1. «Por la cual se dictan normas orientadas a fortalecer los mecanismos de prevención, investigación y sanción de actos de corrupción y la efectividad del control de la gestión pública».

 

2. “Como es sabido, el propósito fundamental de la función judicial dentro de un Estado de derecho, es el de impartir justicia a través de diferentes medios, como son la resolución de los conflictos que se susciten entre particulares, o entre éstos y el Estado, el castigo a las infracciones a la ley penal y la defensa del principio de legalidad.

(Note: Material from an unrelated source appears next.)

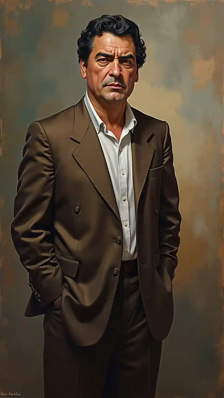 Pablo Escobar, portret, schilderij, olie, Colombia, stijl van Botero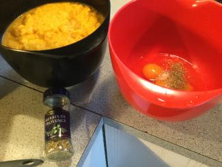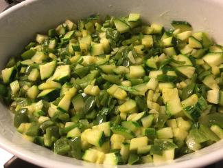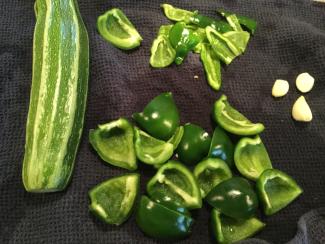 Sauteret hvidløg, squash og pimentpeber, salt, peber, herbes de Provence.

Para ello, la administración de justicia debe descansar siempre sobre dos principios básicos que, a su vez, se tornan esenciales: la independencia y la imparcialidad de los jueces”. Corte Constitucional, Sentencia C-037-1996. M.P.: Vladimiro Naranjo M. 

 

3.Corte Constitucional, Sentencia C-19/1996. M.P.: Dr. Jorge Arango Mejía.

 

4. A este respecto la jurisprudencia constitucional enseña: “Los impedimentos constituyen un mecanismo procedimental dirigido a la protección de los principios esenciales de la administración de justicia: la independencia e imparcialidad del juez, que se traducen así mismo en un derecho subjetivo de los ciudadanos, pues una de las esferas esenciales del debido proceso, es la posibilidad del ciudadano de acudir ante un funcionario imparcial para resolver sus controversias. (artículo 29 de la Constitución Política, en concordancia con diversas disposiciones contenidas en instrumentos de derechos humanos, tales como los artículos 14.1 del Pacto Internacional de Derechos Civiles y Políticos, 8.1 de la Convención Americana sobre Derechos Humanos, y 10º de la Declaración Universal de Derechos Humanos).

 

Técnicamente, el impedimento es una facultad excepcional otorgada al juez para declinar su competencia en un asunto específico, separándose de su conocimiento, cuando considere que existen motivos fundados para que su imparcialidad se encuentre seriamente comprometida. Sin embargo, con el fin de evitar que el impedimento se convierta en una forma de evadir el ejercicio de la tarea esencial del juez, y en una limitación excesiva al derecho fundamental al acceso a la administración de justicia (Artículo 228, C.P.), jurisprudencia coincidente y consolidada de los órganos de cierre de cada jurisdicción, ha determinado que los impedimentos tienen un carácter taxativo y que su interpretación debe efectuarse de forma restringida.” Auto 039/2010. M.P.: Dr. Luis Ernesto Vargas Silva.